Everton 'hopeful that clash with Liverpool will be played at home'

Everton ‘hopeful that their clash with Liverpool – which could see Jurgen Klopp’s side crowned Premier League champions – will be played at Goodison Park as they ask for meeting with city council’s safety chiefs’

  • Everton are reportedly hopeful clash with Liverpool will be at their home ground
  • Police declared six top-flight fixtures were in line to be moved to neutral venues
  • Two of games listed last week were Merseyside derby and leader’s title-clincher

Everton are hopeful that their clash with Liverpool – which could see Jurgen Klopp’s side crowned Premier League champions – will be played at Goodison Park as they’ve asked for a meeting with the city council’s safety chiefs, according to reports.

Last week National Police Chiefs’ Council football lead officer Mark Roberts declared that six top-flight fixtures were in line to be moved to neutral venues after the Premier League was given the green light to resume on June 17.

Two of the six matches Deputy Chief Constable Roberts listed on Friday were the Merseyside derby and the leaders’ title-clincher.

Everton are reportedly hopeful that their clash with Liverpool will be played at Goodison Park

However the Toffees are optimistic their match against rivals Liverpool on the weekend of June 20 can take place at their home ground, according to The Independent.
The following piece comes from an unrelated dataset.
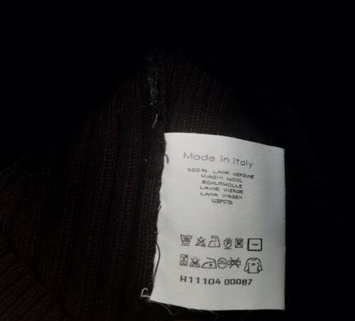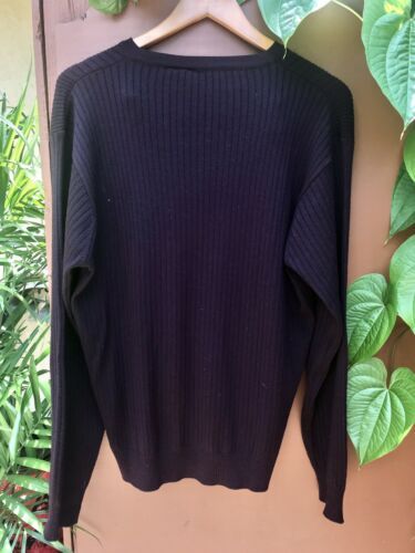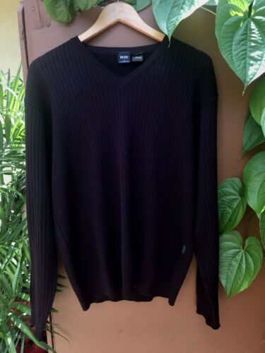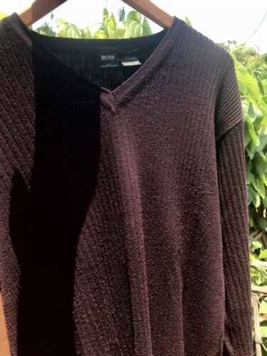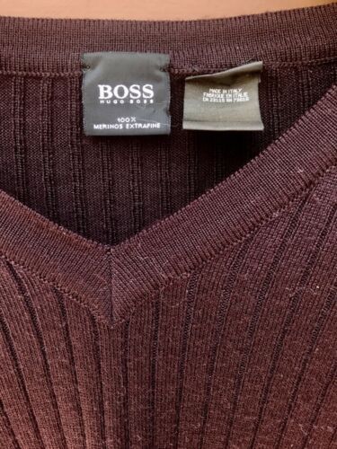Beautiful men?s vintage BOSS by Hugo Boss V-Neck slimline sweater made of 100% virgin wool in Italy. It is SO tough shooting the color, but it is a very dark purple ? these photos were all taken in natural light and vary in looking purple to brown to black but it?s a very dark purple color.

Liverpool currently have a 25-point lead over second-placed Manchester City, who face Arsenal in a game in hand on June 17, before the first weekend of a complete set of fixtures. 

If Pep Guardiola’s side suffer defeat by the Gunners, Liverpool could seal their first league title for 30 years against Everton. 
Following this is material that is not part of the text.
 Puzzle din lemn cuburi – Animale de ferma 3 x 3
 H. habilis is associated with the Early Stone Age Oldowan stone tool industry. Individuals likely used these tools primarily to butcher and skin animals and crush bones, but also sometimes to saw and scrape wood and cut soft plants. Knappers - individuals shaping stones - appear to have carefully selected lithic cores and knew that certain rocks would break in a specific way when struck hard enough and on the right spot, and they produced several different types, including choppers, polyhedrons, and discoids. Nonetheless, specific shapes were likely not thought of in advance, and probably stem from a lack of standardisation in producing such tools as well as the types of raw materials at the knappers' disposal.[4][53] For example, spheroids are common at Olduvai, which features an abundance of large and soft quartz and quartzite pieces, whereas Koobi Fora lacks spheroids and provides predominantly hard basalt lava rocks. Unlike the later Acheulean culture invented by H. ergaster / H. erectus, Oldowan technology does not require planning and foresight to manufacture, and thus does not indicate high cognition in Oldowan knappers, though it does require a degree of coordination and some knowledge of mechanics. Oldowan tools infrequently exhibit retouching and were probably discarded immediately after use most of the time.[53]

Liverpool currently have a 25-point lead over second-placed Manchester City in the top flight

Sportsmail exclusively revealed on Monday that Premier League clubs are heading home with officials confident only four matches will be staged at neutral venues.  

The Government appeared to pave the way to Liverpool securing the Premier League title on Merseyside last weekend by insisting that a decision on neutral venues lies with a local authority group based in the city.

Asked by The Mail on Sunday if clubs like Liverpool should accept the six games national police chiefs have earmarked for neutral venues, Oliver Dowden, the Secretary of State for Digital, Culture, Media and Sport, declared it was for the city’s obscure Safety Advisory Group, made up of councillors, police, football club representatives and public health experts, to make the decision.